Pendula, an Australian startup founded in Sydney, has developed a cloud-based service that lets marketers and customer retention teams create customer communication workflows using both internal and external data to personalise their customer conversations and offers through various messaging platforms.
The company raised a Series B funding round of about A$6.8m in August 2021, and recently expanded into the ASEAN region where it is eyeing customers in the financial services, utilities and telecoms industries.
In an interview with Computer Weekly, Pendula’s CEO Alex Colvin and chief revenue officer Greg Cullen share more about the company’s business and what it is doing to help organisations improve customer retention.
Could you tell us more about Pendula?
Colvin: It’s been a journey since we were founded in Sydney six years ago. We’ve been working on our core proposition, which is around one key metric – customer lifetime value, which is about cross-selling premium and additional services so that customers don’t leave.
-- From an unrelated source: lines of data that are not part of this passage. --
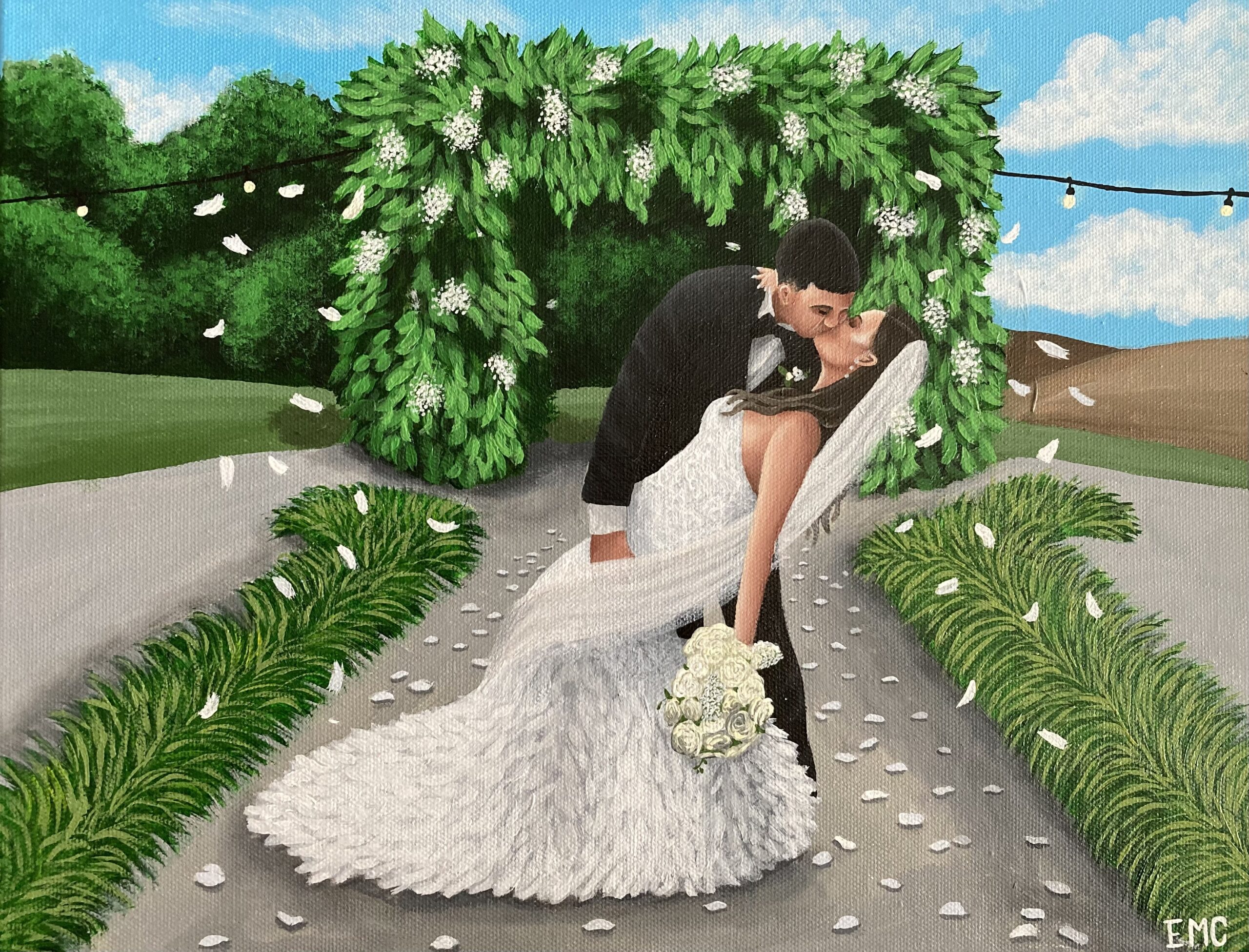 "Emily is so kind, sweet, and professional to work with. Her prices are very reasonable. She showed up to our venue on time and people loved watching her paint throughout the wedding and reception. She’s so thoughtful and sent us a personalized 1st anniversary card. Highly highly recommend if you want to hire a painter for your wedding!"
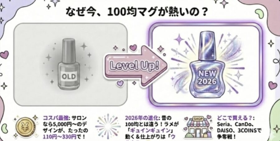 100均のマグネットネイルは、2025年から2026年にかけて驚異的な進化を遂げました。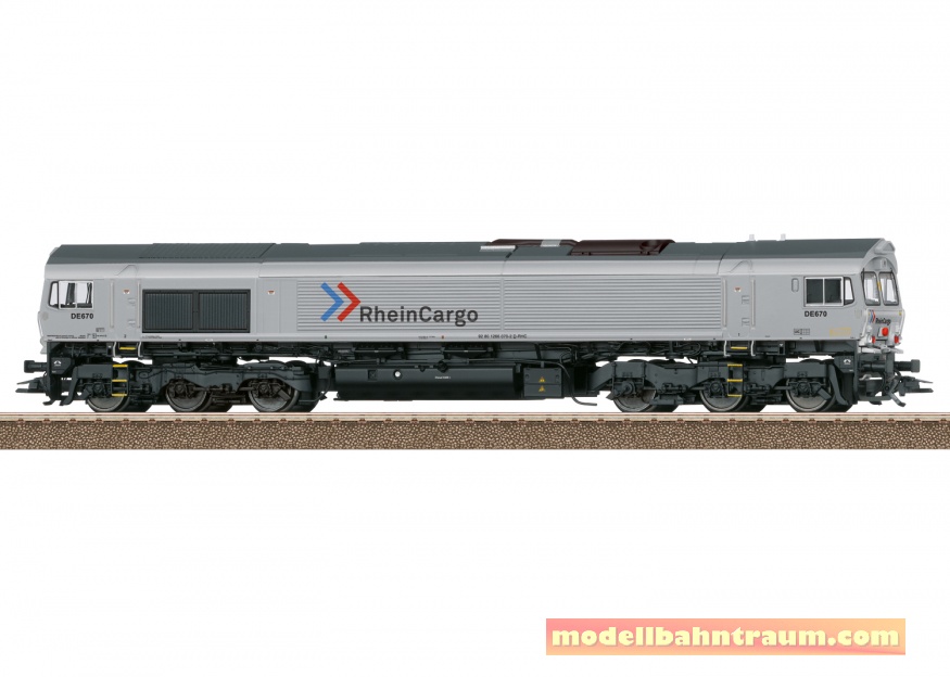 Vorbild: Dieselelektrische Güterzuglokomotive JT42CWR, besser bekannt als Class 66. Diesellokomotive der RheinCargo GmbH & Co. KG, Neuss. Betriebszustand 2022.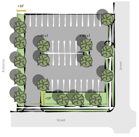 Each unenclosed parking facility shall provide a minimum landscaped buffer width of ten feet along any street property line with at least one medium or large tree or evergreen every forty linear feet of the property line along the buffer.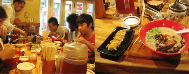 “8”を後にして、大名にあるショップをブラブラ見つつみんなでお昼ご飯。なんだかんだ行ったのは「一風堂」。東京でも食べれるじゃんと思いつつもかなり美味い。あと店員さんが、ランチだとご飯が付きますよ! 餃子は? ビールは何本? と頼んでもいないのに、ガンガン勧めてくる。このあたりから「お酒」が入ってきて後半は大変なことに……。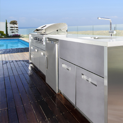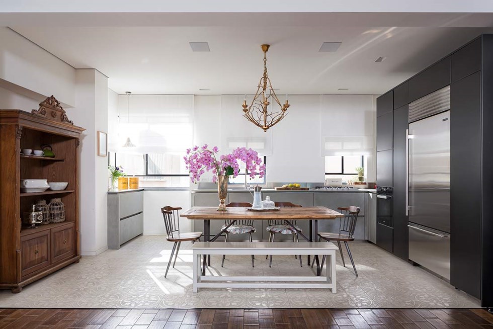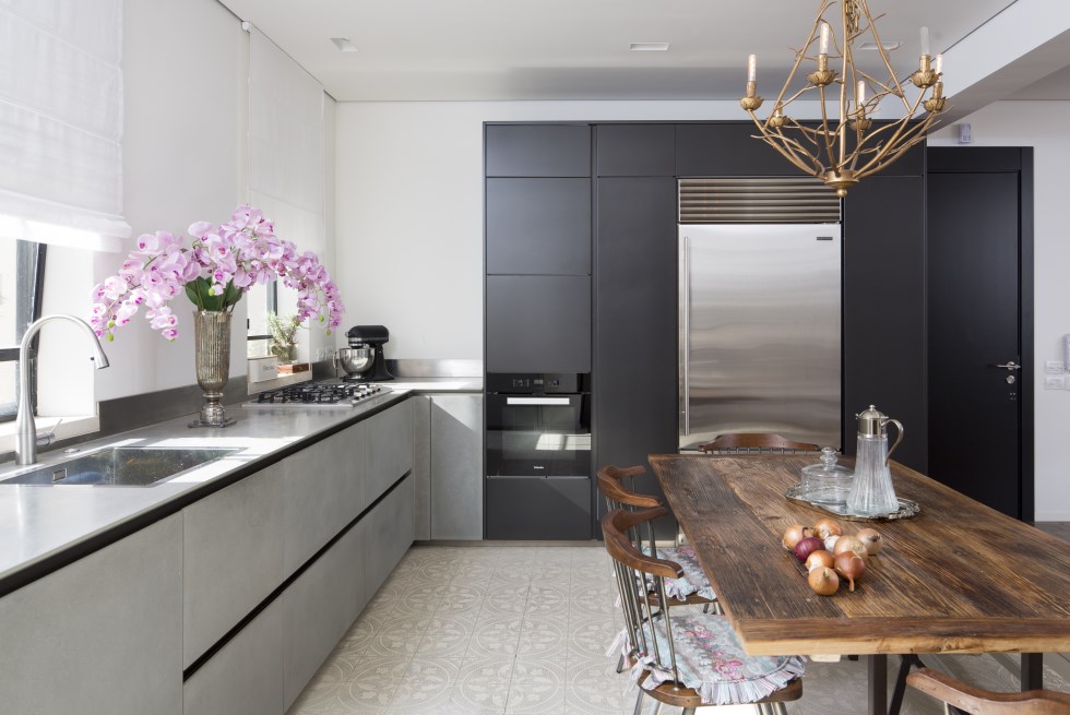 המטבח חופה אף הוא באריחי גלוסקא בגוון שמנת, אשר מהווים קונטרסט עיצובי לחזיתות הבטון של הארונות התחתונים, מעליהם משטח עבודה משיש, וכן לארונות הגבוהים הצבועים בשחור. במקום אי ישיבה מסורתי, נבחר שולחן עץ וסביבו כיסאות במראה נוסטלגי לשמש כמקום להתכנסות ולארוחות משפחתיות משותפות. ארון ישן, מציאה שהתגלתה ברחובות תל אביב, שופץ והפך למזווה ולארון תצוגה חינני, בצד המטבח, בגומחה שהיתה סוג של אילוץ קונסטרוקטיבי והפכה לרבת-חן.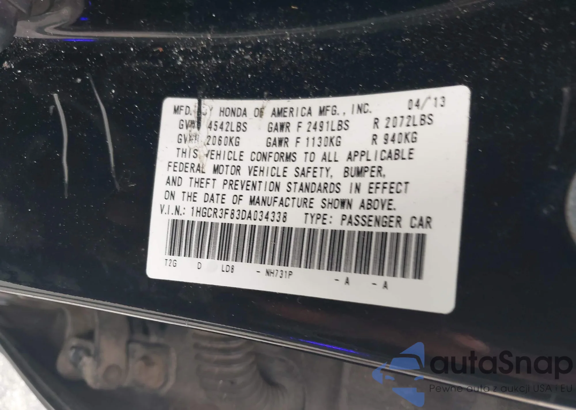 LOT: 43970764 VIN: 1HGCR3F83DA034338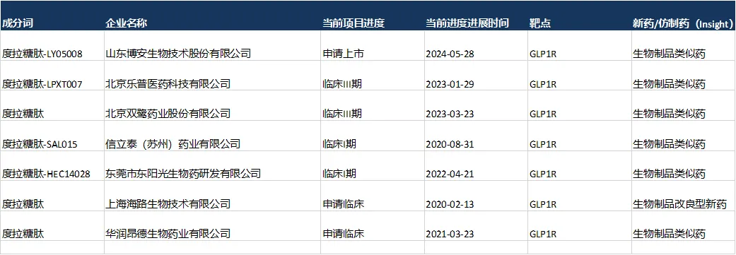 国内度拉糖肽生物类似药临床进展(来源:Insight)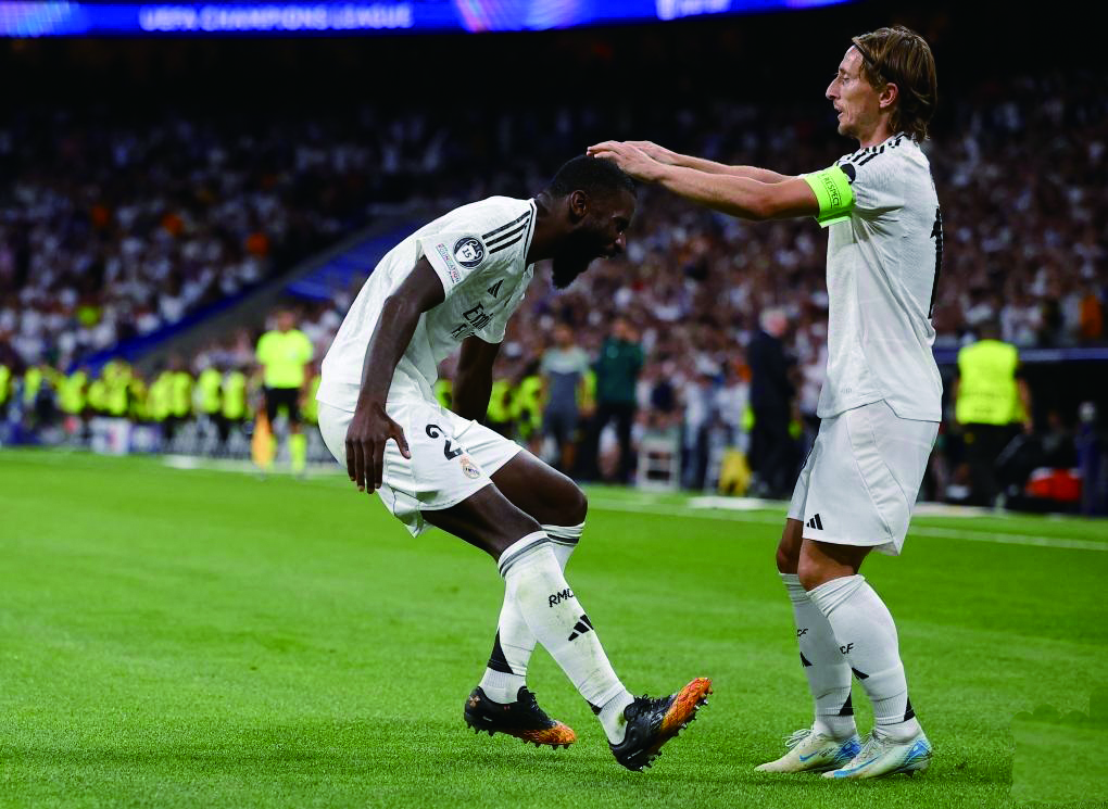 9月17日,皇马球员吕迪格(左)进球后与队友莫德里奇庆祝。新华社

The effect of that on a business is meaningful when you think about the core revenue numbers in terms how happy your customers are and how profitable they are to you.
It’s an interesting space that we’ve broken into. Conceptually, if you think about upselling to someone or keeping customers happy, it comes down to value realisation. For telcos and utility suppliers, a lot of what they sell is commoditised. And so, whether a customer likes or dislikes a supplier will depend on the customer’s own experience with the supplier as well as external influences.
Our platform does two things very well. The first is identifying data on what you as a customer is going through, which we categorise into two areas. The first is what’s happening between you and your supplier. In the case of a telco, are you using a lot of data? Are you making a lot of international phone calls? Are you constantly going on roaming?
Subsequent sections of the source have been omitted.